His work boiled down to making computers user-friendly.
One of the biggest advances was the mouse, which he developed in the 1960s and patented in 1970. At the time, it was a wooden shell covering two metal wheels, an “X-Y position indicator for a display system”.
The notion of operating the inside of a computer with a tool on the outside was way ahead of its time. The mouse was not commercially available until 1984, with Apple’s new Macintosh.
In fact, Dr Engelbart’s invention was so early that he and his colleagues did not profit much from it.

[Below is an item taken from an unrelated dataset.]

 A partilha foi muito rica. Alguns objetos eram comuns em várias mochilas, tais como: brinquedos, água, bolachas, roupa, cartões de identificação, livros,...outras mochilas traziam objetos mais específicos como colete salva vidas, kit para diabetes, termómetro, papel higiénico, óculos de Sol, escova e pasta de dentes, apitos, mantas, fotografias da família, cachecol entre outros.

The mouse patent had a 17-year life span and in 1987 the technology fell into the public domain meaning Dr Engelbart could not collect royalties on the mouse when it was in its widest use. At least one billion have been sold since the mid-1980s.

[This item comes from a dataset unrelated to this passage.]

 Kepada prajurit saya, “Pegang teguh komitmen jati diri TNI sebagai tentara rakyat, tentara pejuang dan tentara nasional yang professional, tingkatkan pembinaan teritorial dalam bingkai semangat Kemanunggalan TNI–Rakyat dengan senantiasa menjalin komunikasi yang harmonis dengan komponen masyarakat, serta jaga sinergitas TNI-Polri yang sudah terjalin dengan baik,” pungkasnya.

Douglas Carl Engelbart was born on January 30 1925 and grew up on a small farm near Portland, Oregon.
He studied electrical engineering at Oregon State University, taking two years off during the Second World War to serve as a Navy electronics and radar technician in the Philippines.
After the war, Dr Engelbart worked as an electrical engineer for Nasa’s predecessor, Naca, at its Ames Laboratory. Dreaming of computers that could change the world, he left Ames to pursue his PhD at the University of California, Berkeley.
Among Dr Engelbart’s other key developments in computing was the use of multiple windows. His lab also helped develop ARPANet, the government research network which led to the internet.
In 1997, he won the most lucrative award for American inventors, the $500,000- Lemelson-MIT Prize. Three years later, President Bill Clinton bestowed him with the National Medal of Technology “for creating the foundations of personal computing”.